Since this kind or problem occurs so often, I think we should directly solve the following: Determine the greatest common divisior $d_k$ of all the elements of $S_k = \{n^k-n |n \in \mathbb{Z} \}$. The result is $d_k=\prod_{\substack{p \in \mathbb P \\ (p-1)|(k-1)}} p$ (being the denominator of the $(k-1)$-th Bernoulli number if $2|(k-1)$) and follows directly if using primitive roots.

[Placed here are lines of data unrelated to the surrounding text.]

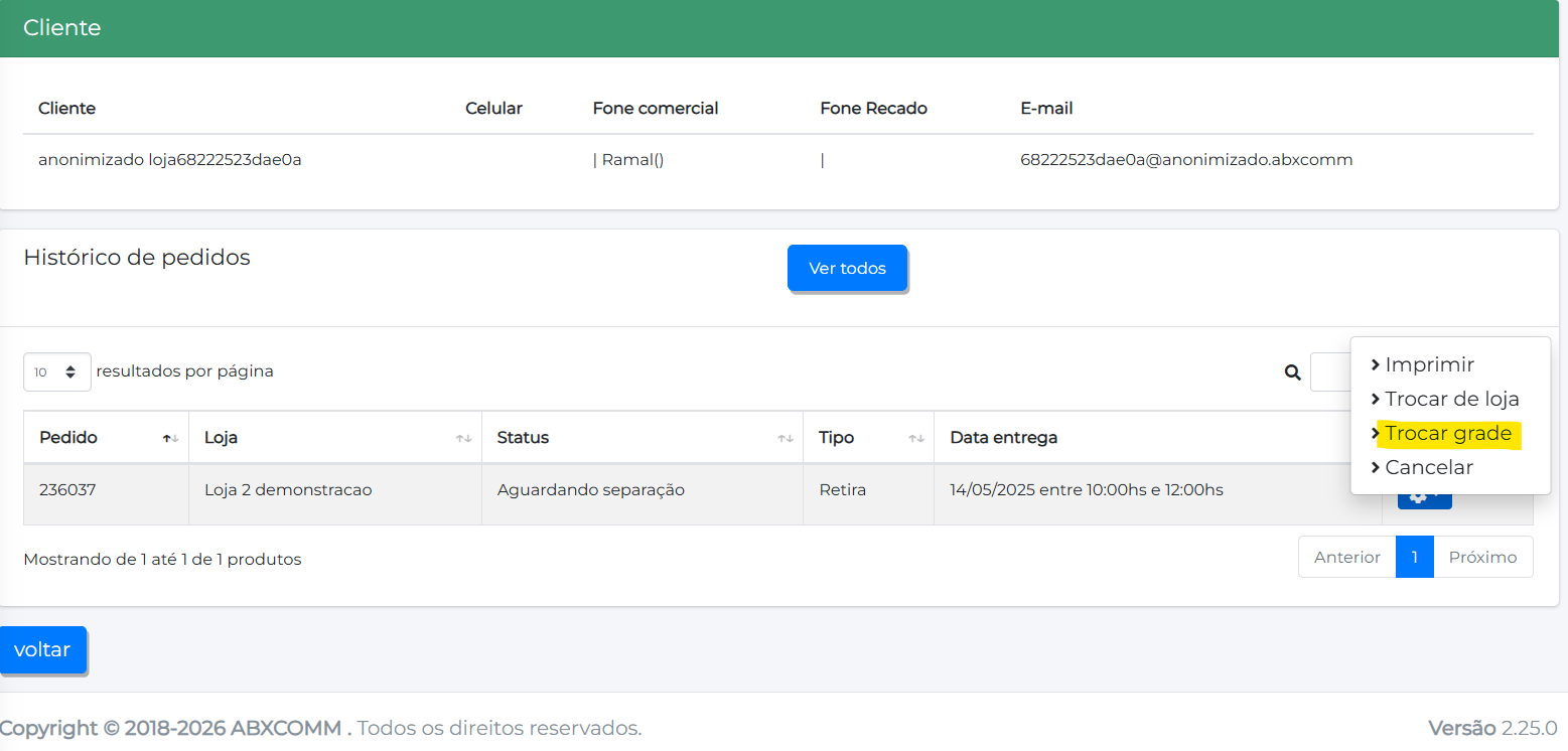 Na tabela de “Histórico de pedidos”, localize a coluna Ações (ícone de engrenagem azul). Clique na seta ao lado do ícone para abrir as opções e selecione “Trocar grade” (destacado em amarelo nas imagens).
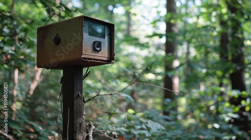 A forest camera trap with AI software identifying species and cataloging their movements.
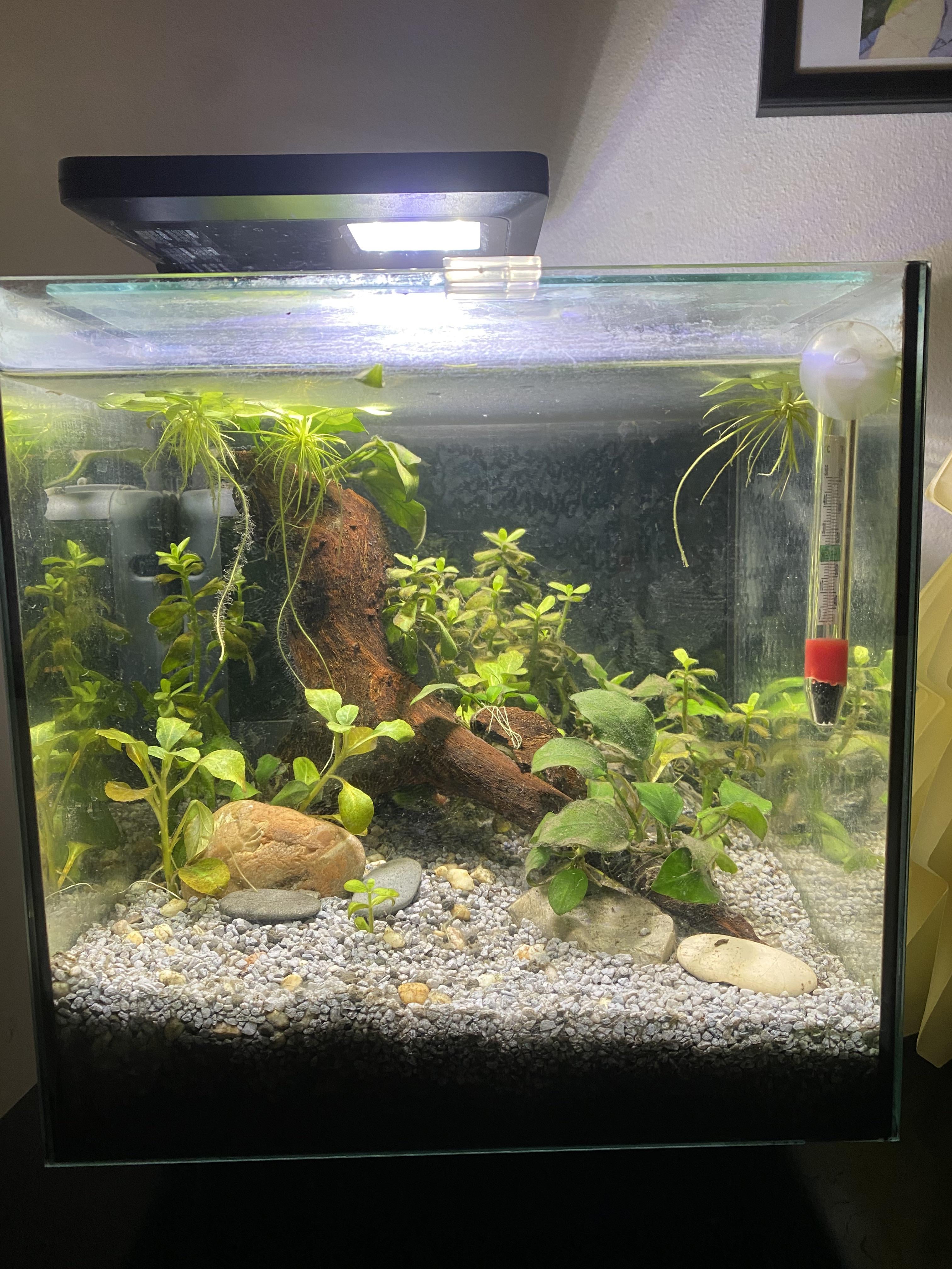 I got this 4gal tank set up and ready to be stocked. My original plan is to add neocaridina shrimp to this tank but I saw this beutiful betta at my local fish store, wich I hope to add into my 14gal tank im setting up rn. The problem is that the 14gal still needs some more stuff before I can set it up to cycle and i fear that when the tank is cycled. That the betta id like to get would already be bought by someone else. Would it be alr to add that betta to this tank wich is fully cycled for Abt a month before i add it to my 14gal.

* note to self: work out ZeTaX's solution with primitive roots and move to that chapter if appropriorate *

For the initial one: 2^13-2 factors as 2*3^2*5*7*13 so the only possible factors of the gcd are 2,3(twice),5,7,13 But using Fermat's little theorem we can prove that 2,3,5,7,13|(n^13-n) We now need to consider whether 9|n^13-n for every n, but this does not happen for n=3 so the gcd is 2*3*5*7*13=2730 PostScript In Fermat's little theorem we can only assume that n is not congruent to zero modp(where p prime). But obviously n^13 is congruent to n for every n congruent to zero modp

there will not exist a prime with its exponential more than 1 as when we let $n=p$ then it is clear that $V_{p}p(p^{12}-1)=1$ $ord_p(n)| p-1$ and also $ord_p(n)|12$ so the possible values for $ord_p(n)= 1,2,3,4,6,12$ We must note that p cant be bigger than 12 as there must exist a primitive root so any prime bigger than 12 will not be a common divisor so the only possible primes are $3,5,7,13$ greatest common divisor: $3\times5\times7\times13$